Second moment E[X²] and first moment E[X] fully determine variance.

Expectation Linearity

Variance not linear, but expectation is linear operator.

Computational Formulas and Methods

Standard Formula

Var(X) = E[X²] - (E[X])²

Computational Shortcut

Calculate E[X] and E[X²] separately, then subtract squared mean.

Sample Variance

Estimator for population variance from sample data:

S² = (1/(n-1)) Σ (x_i - x̄)²

Alternative Formula for Sample Variance

S² = (1/(n-1)) [Σ x_i² - n x̄²]

Computational Efficiency

Useful in algorithms and statistical software to avoid numeric instability.

Applications of Variance

Risk Assessment

Quantifies uncertainty in finance, insurance, reliability engineering.

Quality Control

Monitors variation in manufacturing processes.

Statistical Inference

Basis for confidence intervals, hypothesis testing, ANOVA.

Machine Learning

Used in model evaluation metrics, bias-variance tradeoff analysis.

Signal Processing

Measures noise power and signal dispersion.

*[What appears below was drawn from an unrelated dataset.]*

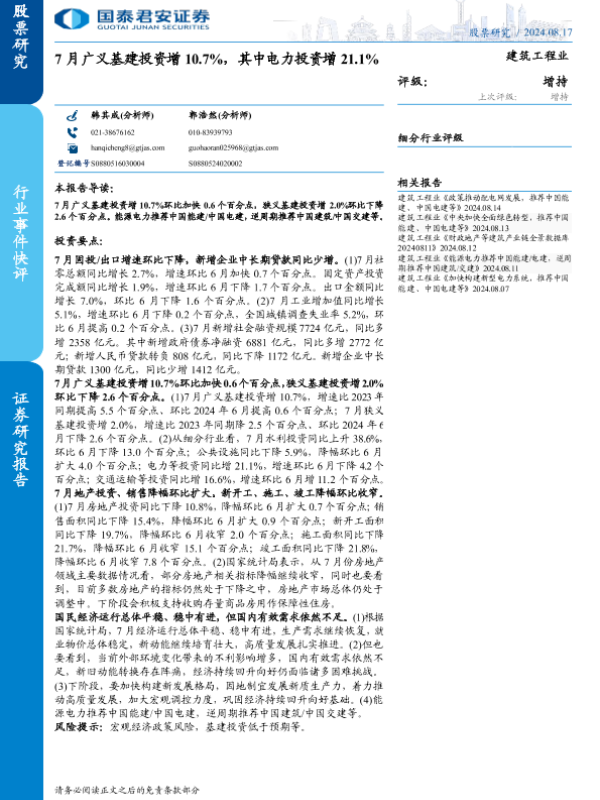 【国泰君安证券】【20240830】2024年08月30日更新-【国泰君安】建筑工程行业:7月广义基建投资增10.725-240817-31页

Variance in Statistical Analysis

Descriptive Statistics

Variance complements mean, median, mode to describe data.

ANOVA

Partition total variance into components to test group differences.

Regression Analysis

Explains variability of dependent variable around regression line.

Standard Deviation

Square root of variance, interpretable in original units.

Coefficient of Variation

Ratio of standard deviation to mean for relative comparison.

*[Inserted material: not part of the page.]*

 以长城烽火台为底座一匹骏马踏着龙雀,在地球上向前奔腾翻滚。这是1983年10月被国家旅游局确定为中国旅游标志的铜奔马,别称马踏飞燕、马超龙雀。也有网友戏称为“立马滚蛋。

Limitations and Interpretation

Units Squared

Variance units are squared, complicating direct interpretation.

Sensitivity to Outliers

Large deviations disproportionately affect variance.

Non-Robustness

Not suitable for heavily skewed or non-finite variance distributions.

Alternative Measures

Use interquartile range, median absolute deviation for robustness.

Interpretation Context

High variance implies diverse outcomes; low variance implies concentration.

Worked Examples

Example 1: Discrete Random Variable

Given X with probabilities and values:

Value (x_i): 0 1 2 3Probability: 0.1 0.2 0.4 0.3 

Calculate E[X]:

E[X] = 0×0.1 + 1×0.2 + 2×0.4 + 3×0.3 = 0 + 0.2 + 0.8 + 0.9 = 1.9

Calculate E[X²]:

E[X²] = 0²×0.1 + 1²×0.2 + 2²×0.4 + 3²×0.3 = 0 + 0.2 + 1.6 + 2.7 = 4.5

Variance:

Var(X) = 4.5 - (1.9)² = 4.5 - 3.61 = 0.89

Example 2: Continuous Random Variable (Uniform)

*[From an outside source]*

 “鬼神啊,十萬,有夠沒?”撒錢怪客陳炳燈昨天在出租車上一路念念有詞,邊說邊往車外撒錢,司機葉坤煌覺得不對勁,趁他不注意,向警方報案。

X ~ Uniform(2, 8). Variance formula:

Var(X) = (b - a)² / 12 = (8 - 2)² / 12 = 36 / 12 = 3

Example 3: Sample Variance

Sample data: {5, 7, 8, 4, 6}

Calculate mean:

x̄ = (5 + 7 + 8 + 4 + 6) / 5 = 30 / 5 = 6

Calculate variance:

S² = (1/(5-1)) × [(5-6)² + (7-6)² + (8-6)² + (4-6)² + (6-6)²] = (1/4) × [1 + 1 + 4 + 4 + 0] = (1/4) × 10 = 2.5

Summary

  • Variance measures dispersion of random variables around their mean.
  • Defined as expectation of squared deviations, Var(X) = E[(X - E[X])²].
  • Properties include non-negativity, scaling, and additivity for independent variables.
  • Applicable to discrete and continuous variables with respective formulas.
  • Essential in risk assessment, statistics, machine learning, and quality control.
  • Limitations: units squared, sensitivity to outliers, requires careful interpretation.
  • Computational shortcuts improve efficiency and numerical stability.
  • Variance forms the basis for many statistical inference techniques.

References

  • Casella, G., & Berger, R. L. (2002). Statistical Inference. Duxbury, 2nd edition.
  • Ross, S. (2014). Introduction to Probability Models. Academic Press, 11th edition.
  • Mood, A. M., Graybill, F. A., & Boes, D. C. (1974). Introduction to the Theory of Statistics. McGraw-Hill.
  • Rice, J. A. (2007). Mathematical Statistics and Data Analysis. Cengage Learning, 3rd edition.
  • Wasserman, L. (2004). All of Statistics: A Concise Course in Statistical Inference. Springer.